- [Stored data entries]
++++++++++++++++++++
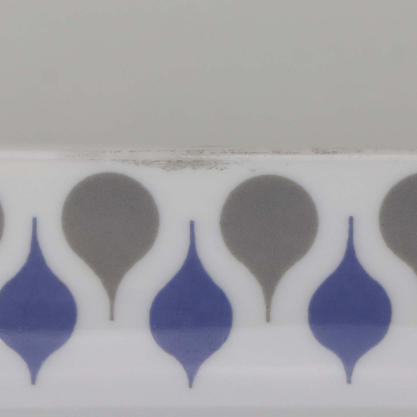 Stel produceret i perioden 1961-69 fremstillet i glat hvidt porcelæn dekoreret med blå og grå dråber.
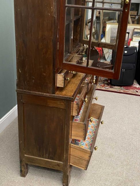ANTIQUE OAK & MAHOGANY CUPBOARD TOP CHEST, the upper section with twin arched top glazed doors and interior shelving, over three small drawers above a base section with edge moulding to the top, peg joined construction with two short and two long pine lined drawers, having brass knobs and escutcheons, with ogee bracket detail to the front, on stile feet, 216cms overall H, 109.5cms W, 47cms D Provenance: by descent, from a farmhouse Llyn Peninsula
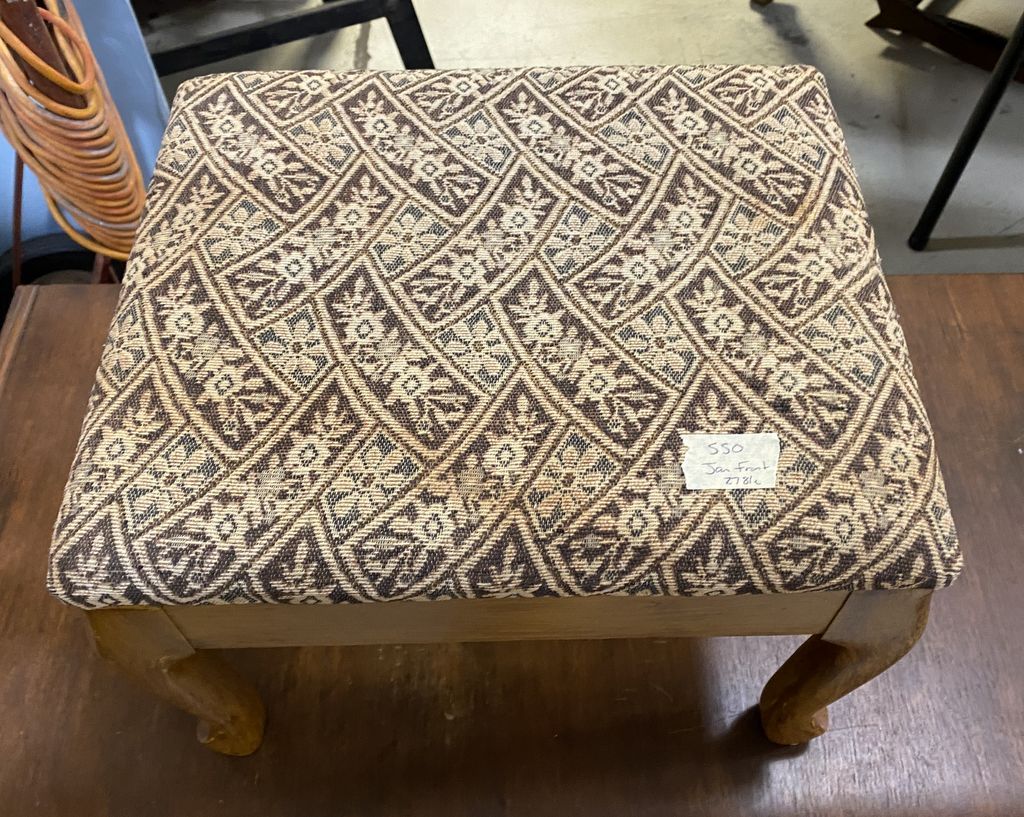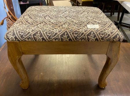 Small Queen Anne Footstool, fabric top, 10"h., 13"w. Small Queen Anne Footstool, fabric top, 10"h., 13"w.
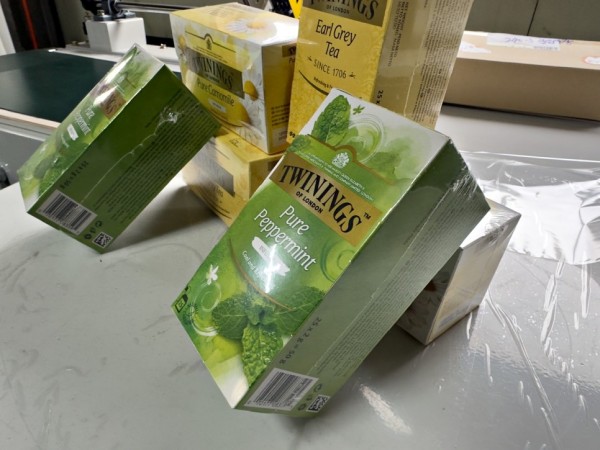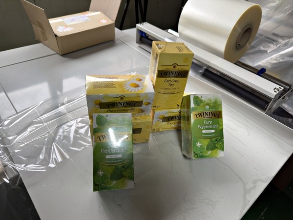 오늘은 얼그레이, 페퍼민트등 각종 티백을 담은 박스 비닐포장을 위해서 수축포장기 테스트 작업 요청이 있었습니다
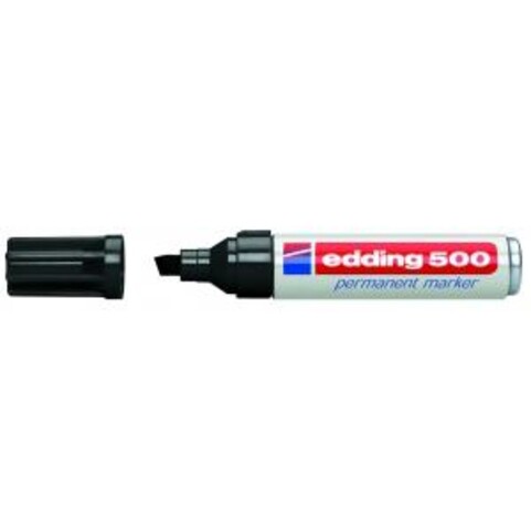 Geruchsarme Tusche, wisch- und wasserfest, lichtbeständig, abriebbeständig, schnelltrocknend, Gehäuse Aluminium weiss, Kappe und Clip Kunststoff in der Schreibfarbe, Keilspitze, Strichbreite ca. 2 - 7 mm.
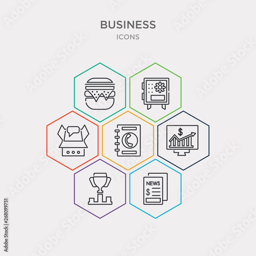 Fototapeta premium simple set of newspaper page, ranking factor, statistical chart, address book icons, contains such as icons empty box, big safe, basic burger and more. 64x64 pixel perfect. infographics vector
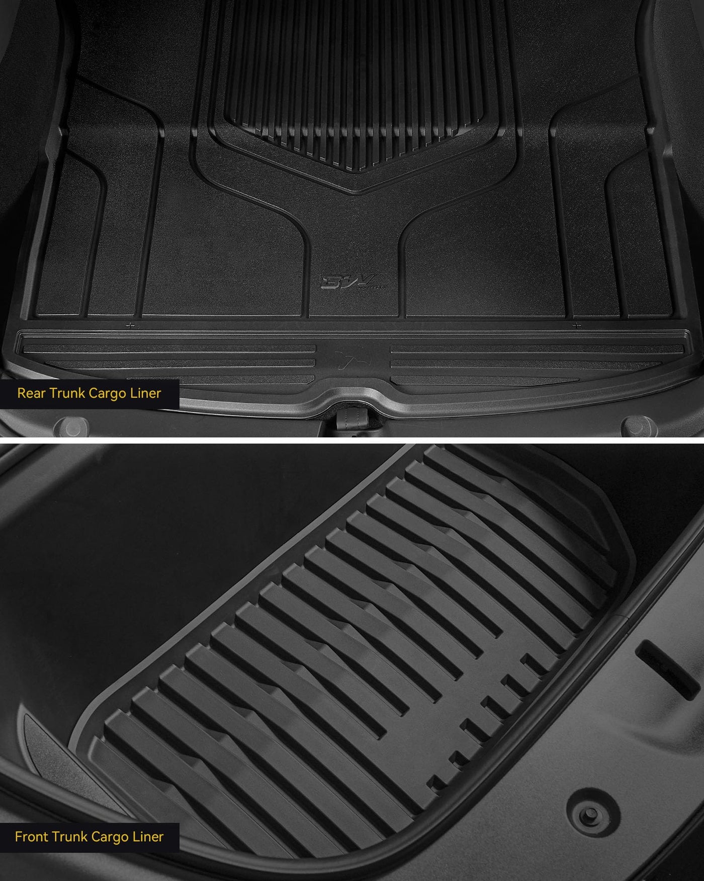 3W All-Weather TPE Floor Liner - Full Set Black Floor Mats and Cargo Liner Mat Custom Fit for Tesla Model 3 2021-2023
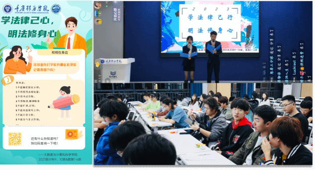 为推进法制教育,增强学生的法治意识、自我保护意识,引领广大学生学法、知法、守法。3月22日19:30,大数据与计算机科学学院计算机科学与技术专业10班在綦河书院2号楼观涛·多功能报告厅(QH2222)组织开展了年级会。
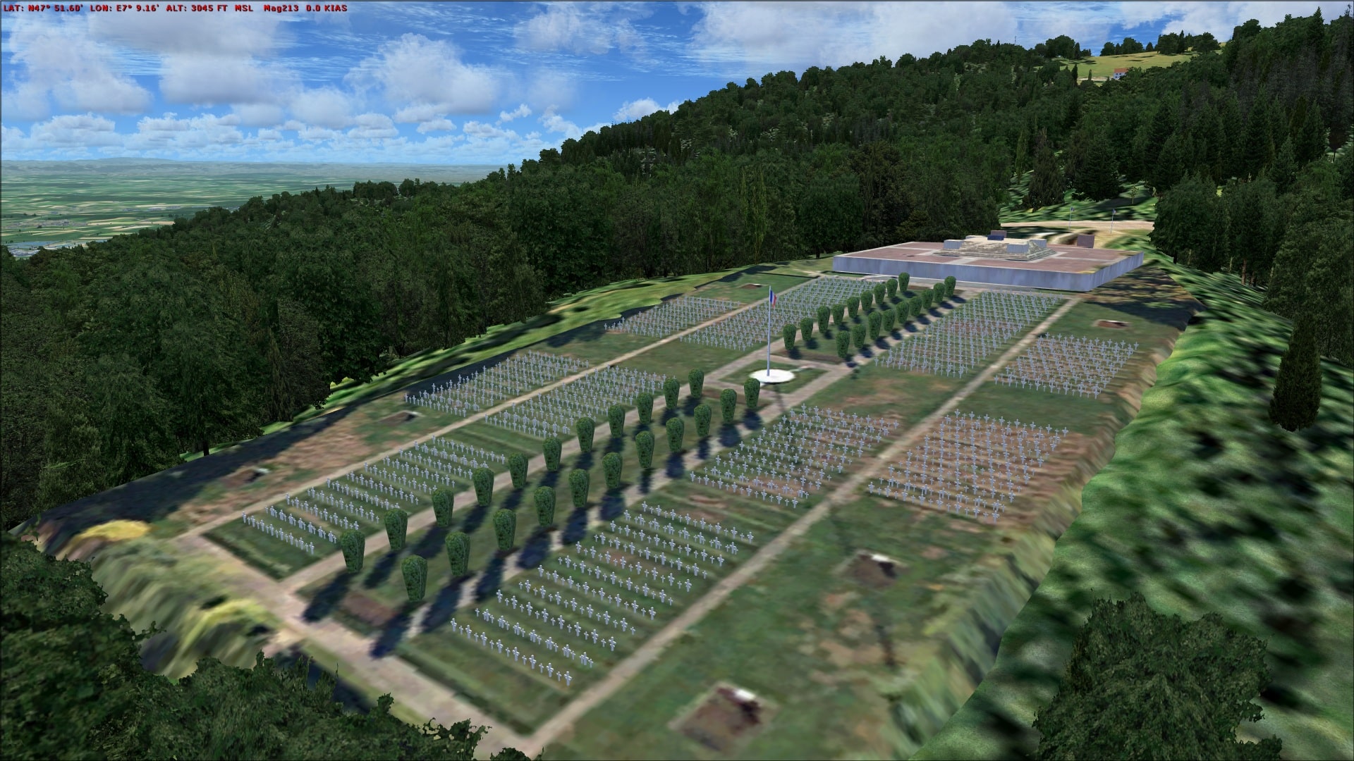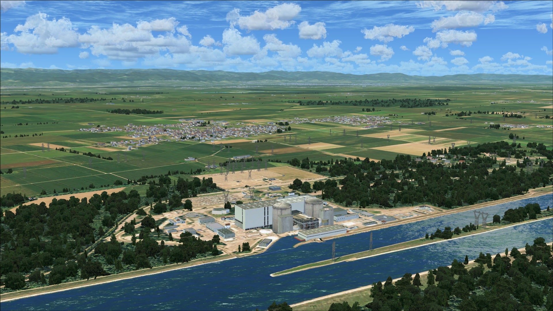 To simply show features on the ground textures isn’t enough. That may work at higher altitudes but as a VFR product you want to have what you see on the textures replicated with discrete 3d objects. In this scenery addon there is definitely no shortage in that respect; the number of objects and diversity in object types is another of the scenery’s distinguishing features. Visible throughout the scenery are the customary building types such as houses, apartment buildings, churches and warehouses, farm silos and water towers. This is just a short list of the more common types but they have included some that are more unique such as castles and power plants. Also in the scenery we see transmission towers, satellite dishes, cemeteries, road signs, etc.
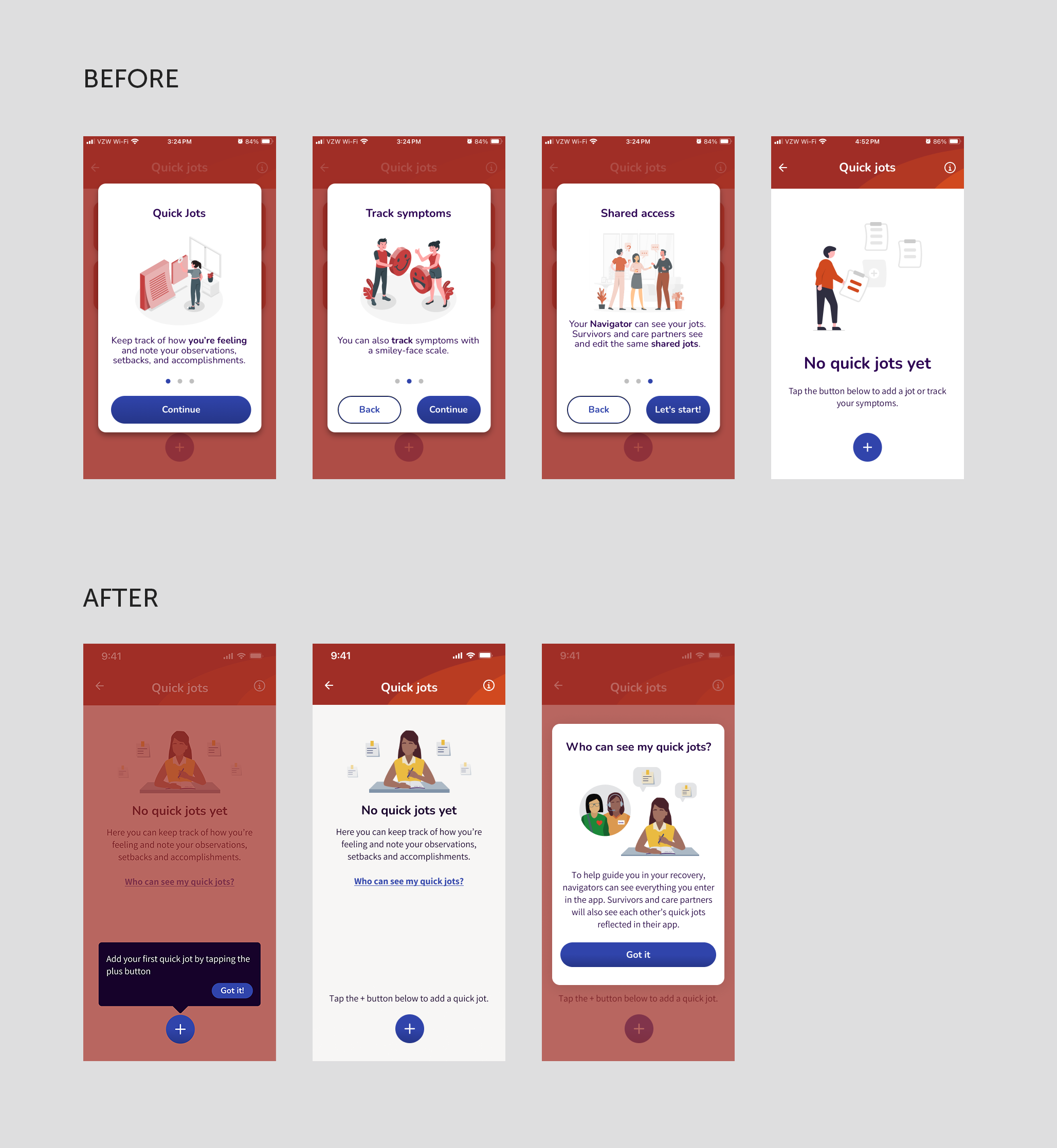 For the new experience, I moved text from modals into the empty states, to get the user into the section quicker. The shared information modal became a link to a modal from the empty state, to let the user ask the question vs showing up front as a blocker to the section. For the introduction to adding (adding a quick jot, question, or to-do), I added a tooltip pointing directly to the add button.
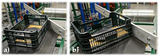 In the second phase, the piece load on the conveyor belt is rotated until the moment when the entire front surface of the piece load is aligned with the surface of the scraper plough, see Figure 3b. When the conveyor belt moves, a resistive force FM2(i) − FM1(i) [N] (the resistance of the material scraping plough) is generated, which can theoretically be expressed as a frictional force Tb [N], see (4), where f [-] is the coefficient of shear friction during movement on the contact surface of the load and the surface of the conveyor belt.
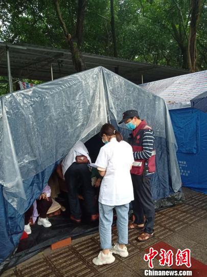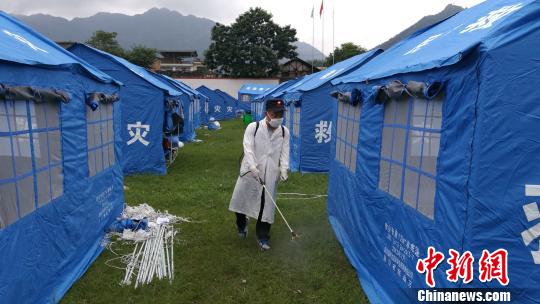 卫生防疫人员对安置点进行消毒。 钟欣 摄
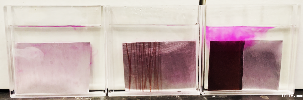 许老师基于“镁铝与水的反应现象不明显”与“教材对于电化学影响反应速率实验展示的缺失”,构建了简单的镁-铜原电池。分别设计了三组对比实验:未经处理的、缠绕铜丝、化学镀铜的镁片分别投入冷水中,并滴入酚酞增加可视化效果。通过观察镁与冷水的反应现象的区别,学生可以更加深入的理解原电池的原理。
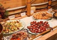 供餐时间17:30-19:00(因疫情关系会采取分流用餐)料理有着日本长崎特色的「桌袱料理」,结合中日西的饮食文化,创作出不同的料理特色,当日也会依入住情况安排自助buffet或桌袱套餐。
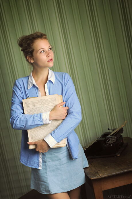 Blonde secretary Helena gets naked on her desk and presents her tiny tits
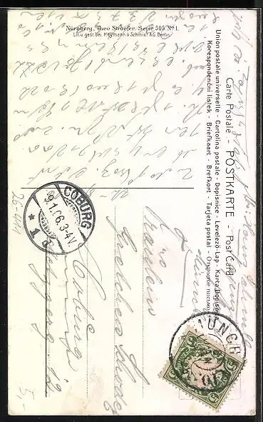 alte Ansichtskarte, gelaufen 1906, Abriebspur re. unten, guter Zustand
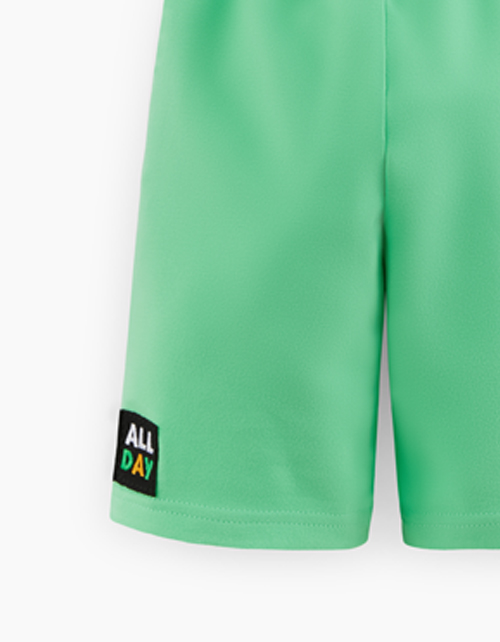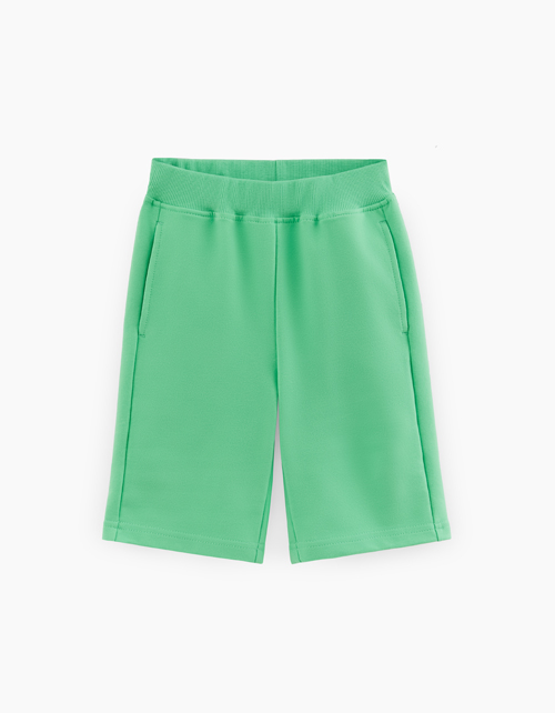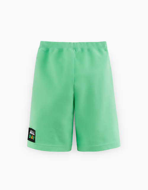 Яркие летне-зелёные шорты для мальчика. Удобная модель прямого силуэта со средней посадкой. Изделие из футера с браш-эффектом на мягком поясе декорировано вышивкой.
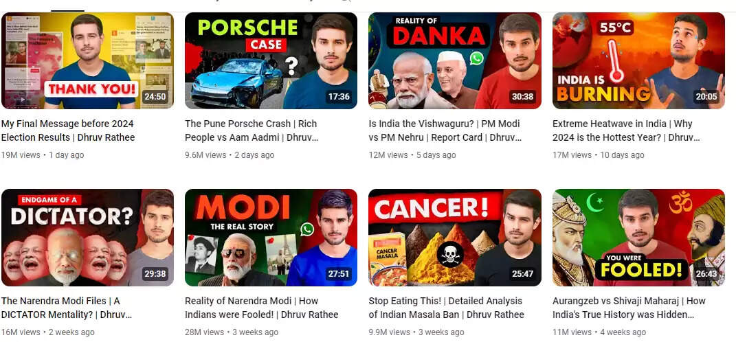 ஒருபுறம், சமீபத்தில் நடந்து முடிந்த தேர்தலில் பாஜக கடும் பின்னடைவை சந்தித்ததற்கு பல காரணங்கள் இருந்தாலும், வடமாநில யூடியூபரால் அக்கட்சிக்கும் தோல்வி ஏற்பட்டுள்ளதாக தகவல்கள் வெளியாகி வருகின்றன. ஹரியானாவைச் சேர்ந்த பொறியியலாளர் துருவ் ராத்தே, தனது பெயரில் யூடியூப் சேனலை நடத்தி வருகிறார். யூடியூப்பில் மட்டும் அவருக்கு 21.6 மில்லியன் சந்தாதாரர்கள் உள்ளனர். அவரது வீடியோக்கள் 4.1 பில்லியன் (41 கோடி) பார்வைகளைக் கடந்துள்ளன.
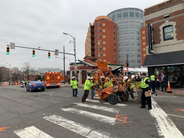 The crash happened shortly after 2 p.m. at the intersection of Wilson Blvd and Washington Blvd, which is currently under construction as part of the Clarendon Circle intersection improvement project. Tire tracks are visible on the road where the driver entered the intersection before coming to a stop across from Asiatique restaurant.
++++++++++++++++++++
- [ACTION ITEM]
Beginning with the line above that contains "Fototapeta premium simple" and finishing with the line that contains "3W All-Weather TPE", print those lines exactly and only. Skip all pictures.

- [TASK OUTPUT]
 Fototapeta premium simple set of newspaper page, ranking factor, statistical chart, address book icons, contains such as icons empty box, big safe, basic burger and more. 64x64 pixel perfect. infographics vector
 3W All-Weather TPE Floor Liner - Full Set Black Floor Mats and Cargo Liner Mat Custom Fit for Tesla Model 3 2021-2023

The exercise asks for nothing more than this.